Впрочем, со страницы 225 Апполонов вдруг узрел различие модерной и домодерной светскости. Если раньше модерная светскость просто продолжала домодерную, то теперь оказывается, что она приходит на смену домодерной – но не из ниоткуда, а из той интеллектуальной почвы, которая была заложена в античности, а в Средние века была подхвачена, в частности, латинскими аверроистами XIII в., пострадавшими, что неудивительно, за свои идеи о самодостаточности мира. Это уже более полезное высказывание. Действительно, модерная светскость начала возникать на заре Нового времени не на пустом месте – ее концептуализации предшествовала ощутимая подготовительная работа. Обычно в связи с этим упоминается Иоанн Дунс Скот и ряд других схоластов, стоящих у истоков философии модерна[712]
. Апполонов указывает на заслуги латинских аверроистов в этом подготовительном процессе. Только почему он считает, что этим тезисом кого-то опровергает? Наоборот, он подтверждает позицию «постмодернистов», нюансируя их тезис дополнительными подробностями.Финальный абзац главы (231), в котором ждешь каких-то ясных концептуальных разъяснений и подведения итогов, снова заканчивается двусмысленными рассуждениями о том, что модерная светскость или была всегда (и просто ждала своего часа), или формировалась постепенно еще со времен античности. Причем формировалась в результате процесса, который «приводил время от времени к серьезным качественным изменениям». Насколько «качественными» и «серьезными» были эти изменения и в чем именно они заключались, Апполонов, увы, умалчивает.
Собственно, всего вышеописанного вполне достаточно для доказательства тезиса о серьезных концептуальных проблемах книги Апполонова. Эти проблемы, безусловно, не делают всю работу бессмысленной – в ней есть целый ряд ценных замечаний, которые могут нюансировать историю того, как дихотомия «религиозное / секулярное» трансформировалась на протяжении истории западной культуры. Интересны, например, замечания про принцип
Скажу несколько слов про «религию». Если Апполонов все же признает «серьезные качественные изменения» в концептуализации светскости, то ему придется признать и серьезные качественные изменения в концептуализации религии. Дело в том, что светскость влияет на второй элемент оппозиции – религию. Если меняется одна часть конфигурации, то меняется и другая часть. Модерной секулярности соответствует модерная религия, тогда как домодерной светскости – домодерная религия. В рамках дискуссий о постсекулярном обществе говорят о преодолении модерной конфигурации «религия – светское» в пользу того, что в этой логике оказывается уже «пострелигиозным» и «постсекулярным» (или постмодерной религией и постмодерной светскостью). Собственно, Апполонов пару лет назад сам написал статью «Россия пострелигиозная»[713]

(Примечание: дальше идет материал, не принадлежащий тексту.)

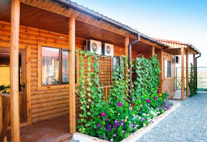 The price includes 3 meals a day, parking, use of children’s and dance areas, barbecue facilities, entertainment and movies. Due to the fact that the decoration in the houses is wooden, the use of electrical appliances is prohibited. Therefore, there is no kettle, no hair dryer, no electric heaters in the rooms. There is no laundry either. Air conditioning is installed.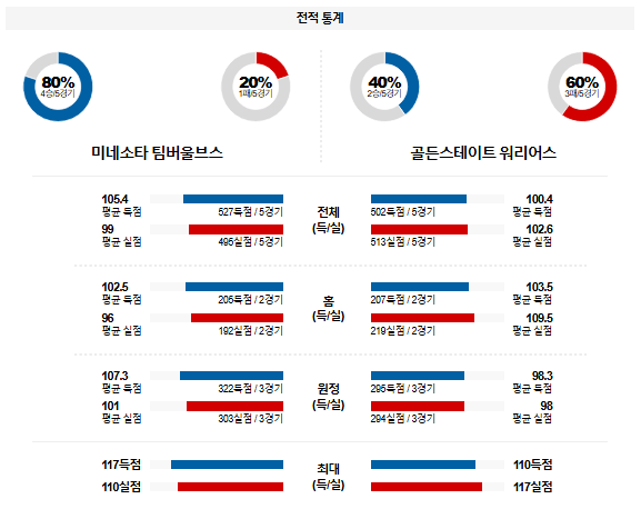 1차전에서 승리를 기록했지만 스테판 커리를 잃은 골든스테이트는 2,3,4차전에서 외곽 공격에서 실마리를 풀지 못했고 연속 패배를 당했다. 미네소타가 제공권을 장악하는 가운데 승리를 가져갈 것이다. 다만, 핸디캡 범위는 과하다고 생각 된다.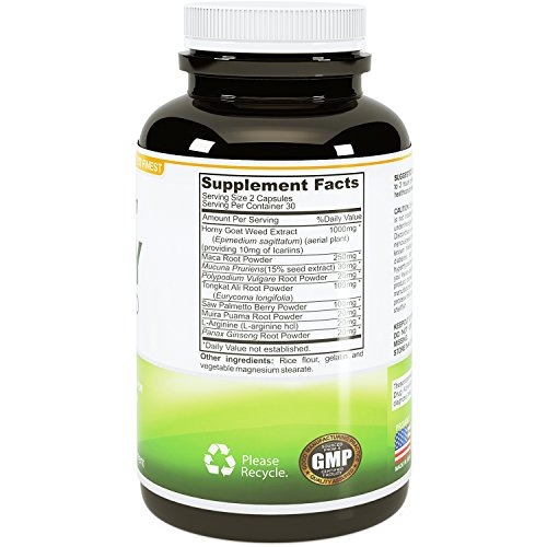 - Feature : Each capsule contains 1000 mg of Horny Goat Weed Extract which would have 10 mg of Icariins, a natural aphrodisiac and libido enhancer / Contains at least 250 mg of Maca Root Powder / Our Horny Goat Weed blend is formulated to boost stamina, mental alertness, and the immune system / A mix of 9 natural herbs to ensure that you get the maximum potency and effectiveness of our Horny Goat Weed supplement / 100% money back guarantee!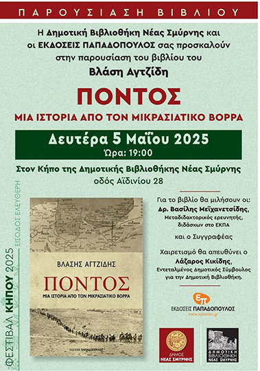 Στο όμορφο περιβάλλον του κήπου της Δημοτικής Βιβλιοθήκης Νέας Σμύρνης, σήμερα (5 Μαΐου) στις 19:00, ο Δήμος ΝΣ, η Βιβλιοθήκη και οι εκδόσεις Παπαδόπουλος παρουσιάζουν το βιβλίο του Βλάση Αγτζίδη Πόντος – Μια ιστορία από τον μικρασιατικό Βορρά.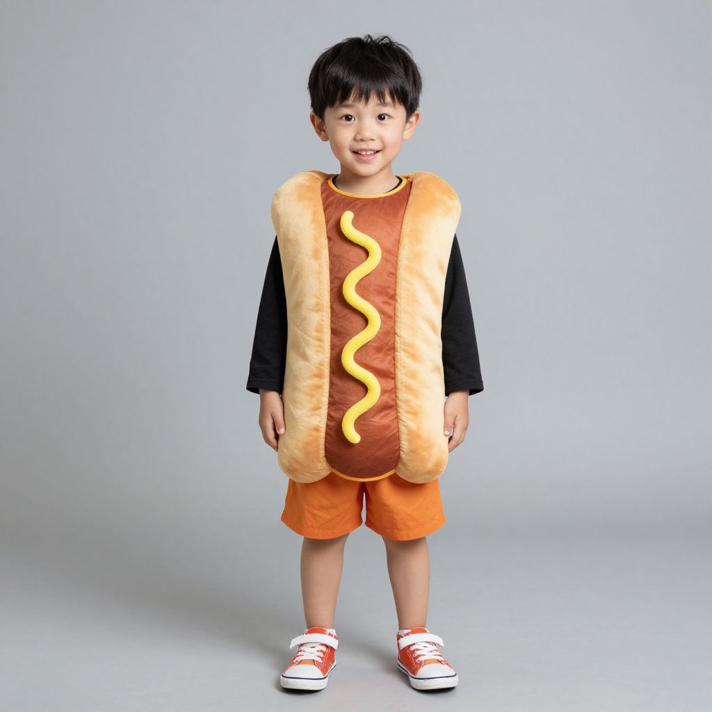 Photograph of a young Asian boy standing against a plain light gray background. He has short black hair, a slight smile, and is wearing a costume resembling a hot dog. The costume has a textured, light brown bun with a yellow wavy line in the center, mimicking mustard. He also wears a black long-sleeve shirt, orange shorts, and red and white sneakers. The costume covers his chest and extends down to his waist. The lighting is even, highlighting the costume's details and the boy's cheerful expression.
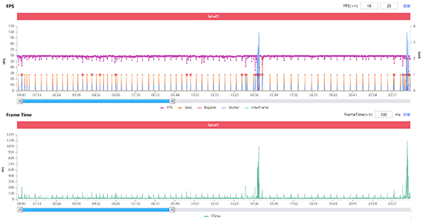 而在實際測試中,25分鐘之內(nèi)的成績真我GT2 Pro都非常穩(wěn)定。在幀率上,真我GT2 Pro可以維持55-60幀,而在半個小時后由于散熱以及高功耗的緣故游戲幀數(shù)就開始波動了,不過波動也持續(xù)穩(wěn)定在50幀左右。在58分鐘的時候,掉到了40幀左右,2分鐘之后馬上又回到了55幀以上。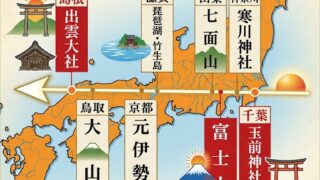レイラインとは何か?日本列島を貫く「ご来光の道」を地図で解説。玉前神社・寒川神社・富士山・七面山・竹生島・元伊勢・大山・出雲大社を結ぶ神秘のライン。

, в которой справедливо обратил внимание на то, что религиозный ренессанс в России XXI в. не может быть осмыслен с помощью понятия «религия», что мы нуждается в некоем новом понятийном аппарате, за неимением которого он и использует термин «пострелигиозность». Но обратной стороной пострелигиозности является та самая постсекулярность, против которой Апполонов возражает. А возможность пострелигиозности / постсекулярности подразумевает как религиозность / секулярность, так и дорелигиозность / досекулярность (то есть те формы религии и светского, которые существовали еще до появления тех форм религии и светского, которые в этом пострелигиозном / постсекулярном контексте преодолеваются).Сам Апполонов, судя по всему, чувствует этот концептуальный изъян своей работы. Поэтому периодически использует несколько иную стратегию. Мол, неважно, модерная или домодерная концептуализация «религии» и «светского»; главное, что сами сущности – то есть религия и светское – существовали ровно в том виде, в каком они существуют сегодня (156 и далее). Просто средневековые люди описывали их несколько иначе, чем мы, видимо, не понимая истинного положения вещей.
Это интересный подход. Действительно, допустим, что у понятий «религия» и «светское» есть своя история, и можно говорить о смене разных понятийных конфигураций – в древности люди использовали эти понятия не так, как мы сегодня. Это все любопытно, но разве исключается возможность того, что в Средневековье все же существовали и религия, и светское именно в современном смысле? Какая разница, были ли у людей той эпохи понятия для обозначения тех или иных культурных форм? Они придерживались своих догматов, совершали ритуалы, посещали церкви, то есть практиковали религию, а в свободное от религиозных обязательств время занимались примерно теми же делами, которыми занимаются светские люди сегодня. Разве отсутствие понятий или же иное их употребление является необходимым доказательством отсутствия религии или секулярного в нашем понимании этого слова?